Botox for Severe Clenching
For people whose clenching causes significant pain or hasn’t responded to other treatments, injections into the masseter muscles can weaken them enough to reduce the force of clenching. A typical treatment uses 20 to 30 units per side, and the effect lasts four to six months before the muscles gradually regain full strength. It doesn’t eliminate the neural signal to clench, but it reduces the damage and pain that clenching causes. Repeat treatments are needed to maintain the effect.
Medications
Prescription medications are generally reserved for severe cases or short-term use, since most carry side effects or addiction risk. Muscle relaxants and anti-anxiety medications can temporarily reduce jaw muscle activity during sleep, but long-term use raises concerns about dependence. Some blood pressure medications have shown benefit by dialing down the sympathetic nervous system activity that precedes clenching episodes, essentially calming the fight-or-flight response during sleep.

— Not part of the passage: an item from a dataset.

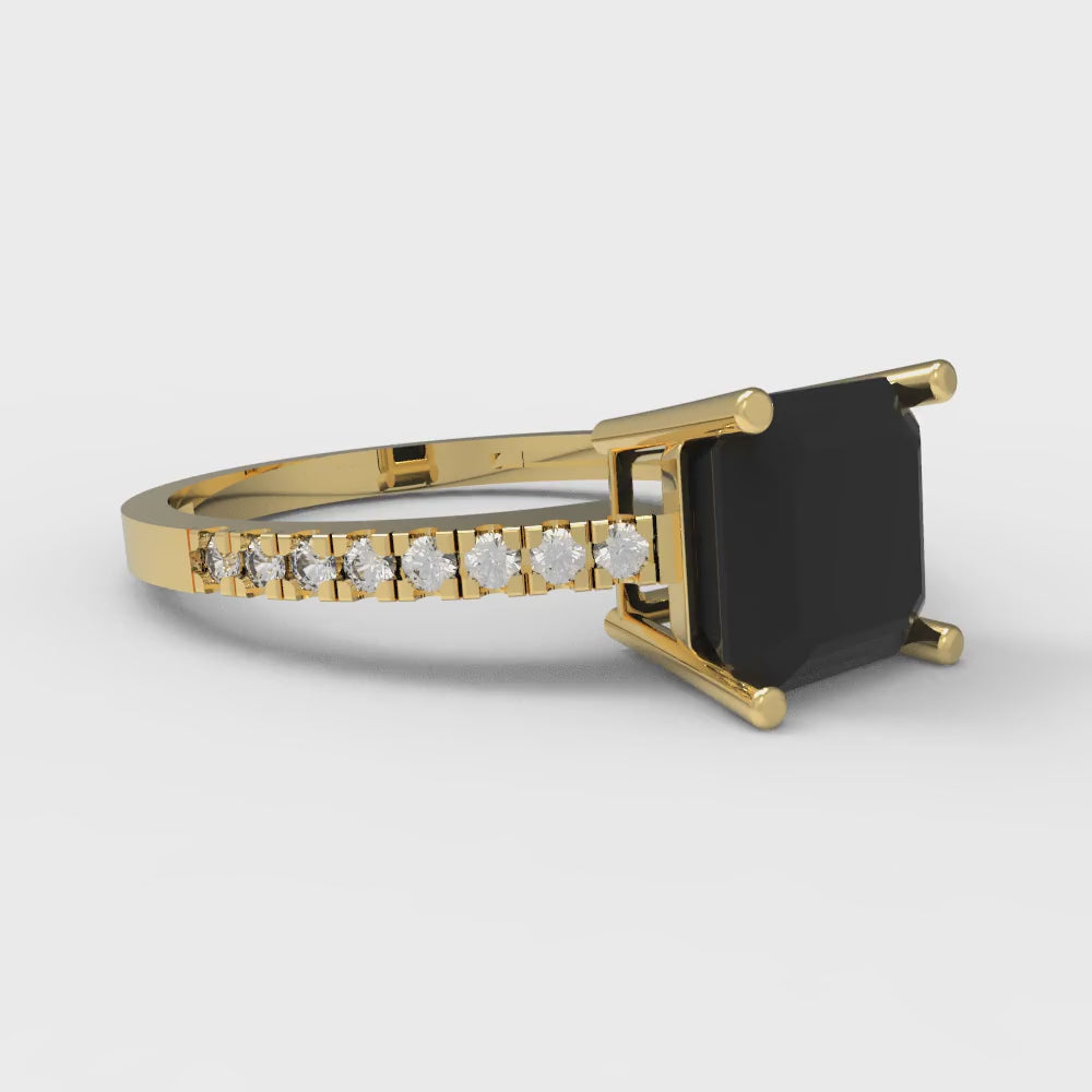 2.7 cttw Natural Onyx Solitaire with Zirconia Simulated Diamond Accents Engagement Ring - Solid Gold (Asscher Cut,6.5mm)

If your bruxism started or worsened after beginning an antidepressant, that connection is worth discussing with your prescriber. Certain antidepressants are known to increase clenching, and adjusting the medication or adding a counteracting drug can help.
What About Magnesium?
Magnesium supplements are widely recommended online for bruxism, but the clinical evidence is thin. A study published in the Journal of Clinical Medicine compared mineral intake between people with and without sleep bruxism and found no significant difference in magnesium levels between the two groups. The same was true for calcium, zinc, iron, and every other mineral tested. The one nutrient that did show a potential connection was dietary fiber, though more research is needed to understand why. Taking magnesium for general muscle relaxation or sleep quality is unlikely to hurt, but it shouldn’t be your primary strategy for stopping clenching.